🤖 AI Summary
This study investigates the feasibility and effectiveness of medium-scale large language models (LLMs) in supporting early-stage game concept design under resource-constrained environments—such as consumer-grade hardware—targeting indie studios and solo developers.
Method: We propose a structured prompt engineering–based, multi-dimensional automated evaluation framework to systematically compare LLaMA-3.1, Qwen-2.5, and DeepSeek-R1 on game创意 quality assessment, including narrative coherence, mechanic novelty, and design feasibility.

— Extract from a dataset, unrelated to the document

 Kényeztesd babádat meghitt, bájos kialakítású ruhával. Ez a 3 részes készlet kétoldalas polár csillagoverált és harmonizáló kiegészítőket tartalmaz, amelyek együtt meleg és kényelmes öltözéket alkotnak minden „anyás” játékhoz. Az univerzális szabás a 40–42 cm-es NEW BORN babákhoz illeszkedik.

Contribution/Results: We provide the first empirical evidence that such LLMs can generate stable, constructive feedback on narrative and gameplay mechanics; DeepSeek-R1 achieves superior consistency and practical utility. In pedagogical and creative prototyping experiments, most students rated the feedback as high-quality and expressed willingness to integrate it into their workflows. Results confirm that lightweight LLMs are now capable of meaningfully supporting real-world game narrative design, offering a reusable methodology and empirical foundation for AI-augmented creative production.
📝 Abstract
Recent research has demonstrated that large language models (LLMs) can support experts across various domains, including game design. In this study, we examine the utility of medium-sized LLMs, models that operate on consumer-grade hardware typically available in small studios or home environments. We began by identifying ten key aspects that contribute to a strong game concept and used ChatGPT to generate thirty sample game ideas. Three medium-sized LLMs, LLaMA 3.1, Qwen 2.5, and DeepSeek-R1, were then prompted to evaluate these ideas according to the previously identified aspects. A qualitative assessment by two researchers compared the models' outputs, revealing that DeepSeek-R1 produced the most consistently useful feedback, despite some variability in quality. To explore real-world applicability, we ran a pilot study with ten students enrolled in a storytelling course for game development. At the early stages of their own projects, students used our prompt and DeepSeek-R1 to refine their game concepts. The results indicate a positive reception: most participants rated the output as high quality and expressed interest in using such tools in their workflows. These findings suggest that current medium-sized LLMs can provide valuable feedback in early game design, though further refinement of prompting methods could improve consistency and overall effectiveness.